Reputation: 2048
I have a dataframe with a large number of columns that I would like to consolidate into more rows and less columns it has a similar structure to the example below:
| 1_a | 1_b | 1_c | 2_a | 2_b | 2_c | d |
|-----|-----|-----|-----|-----|-----|-----|
| 1 | 2 | 3 | 1 | 2 | 6 | z |
| 2 | 2 | 2 | 3 | 2 | 5 | z |
| 3 | 2 | 1 | 4 | 1 | 4 | z |
I want to combine some of the rows so they look like below:
| 1 | 2 | letter | d |
|---|---|--------|---|
| 1 | 1 | a | z |
| 2 | 3 | a | z |
| 3 | 4 | a | z |
| 2 | 2 | b | z |
| 2 | 2 | b | z |
| 2 | 1 | b | z |
| 3 | 6 | c | z |
| 2 | 5 | c | z |
| 1 | 4 | c | z |
I have created a new dataframe with the new headings, but am unsure how to map my original headings to the new headings when appending.
Thanks
Upvotes: 1
Views: 61
Reputation: 38415
Try
df = df.set_index('d')
df.columns = pd.MultiIndex.from_tuples([tuple(c.split('_')) for c in df.columns])
df = df.stack().reset_index().rename(columns = {'level_1' : 'letter'})
d letter 1 2
0 z a 1 1
1 z b 2 2
2 z c 3 6
3 z a 2 3
4 z b 2 2
5 z c 2 5
6 z a 3 4
7 z b 2 1
8 z c 1 4
Upvotes: 3
Reputation: 2528
For the most part, if you need to dynamically select column names you probably need to just write a Python loop.

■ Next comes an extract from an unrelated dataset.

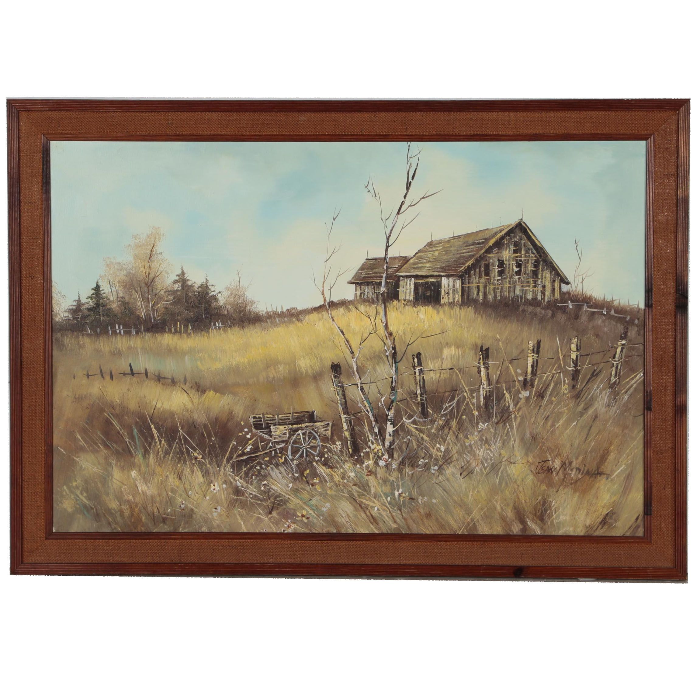Used Awesome Country Barn Landscape Oil Painting Art By J Medina

Just run through each letter manually then concat them together:
dfs = []
for letter in ('a', 'b', 'c'):
group = df[['d']]
group['1'] = df['1_' + letter]
group['2'] = df['2_' + letter]
group['letter'] = letter
dfs.append(group)
result = pd.concat(dfs)
Upvotes: 0